PHILADELPHIA – After failing to land their preferred candidates, the GPS on the Eagles’ offensive coordinator search has taken a few detours.

Perhaps the most surprising one was the re-routing toward Chicago offensive coordinator Declan Doyle.

At just 29 with no previous play-calling experience, Doyle should be antithetical to everything Philadelphia signaled it was looking for in the wake of the Kevin Patullo experiment falling flat.

Is Continuity Overblown?Howie Roseman

Dec 8, 2025; Inglewood, California, USA; Philadelphia Eagles general manager Howie Roseman looks on before the game against the Los Angeles Chargers at SoFi Stadium. Mandatory Credit: Kirby Lee-Imagn Images | Kirby Lee-Imagn Images

Already, the Eagles have overcome one hurdle by getting the Bears to grant permission to talk with Doyle, something Chicago didn’t have to do for what the NFL considers a lateral move.

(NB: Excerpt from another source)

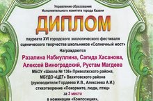 Поздравляем Лауреатов и участников XVI городского экологического фестиваля сценического творчества школьников "Солнечный мост".

With no real path to play-calling with the Bears due to the presence of Ben Johnson, moving to Philadelphia to handle that would be a step up for Doyle, even with the pitfalls that accompany a meat-grinder of a market like Philadelphia.

Chicago is no picnic either of course and the upside for Doyle with the Eagles’ job is enormous with one successful season offering the EZ-Pass lane to a head-coaching job at 30.

The idea of continuity through a revolving door of play-callers during the Jalen Hurts era has been a staple of sports talk in Philadelphia, but if you lack patience to begin with, why would shelf life ever enter the conversation?

When the Eagles have had the opportunity to show tolerance or restraint through the growing pains of inexperienced play-callers like Patullo and Brian Johnson, they’ve declined that option.

So if you really think Doyle is some kind of play-calling prodigy born through the osmosis of Johnson’s brilliance, why not pull the trigger over the higher floor from the pedestrian nature of the recycled (Matt Nagy, Mike Kafka, Bobby Slowik etc.)?

Fortune favors the bold, not the passiveness of groupthink.

And failure comes with a reboot in 12 months anyway.

Either way, GM Howie Roseman is on record downplaying the idea of continuity.

“As much as you’d like to have continuity and would like to have guys here for a long period of time, we want to win,” Roseman said. “We have an urgency to win right now. If that comes with the ramifications that we lose good people because they’ve earned head coaching jobs, we’ll live with that.”

If the Eagles truly have that urgency, swinging for the fences on the future head coach sure seems better than settling for good enough to stick around for two years.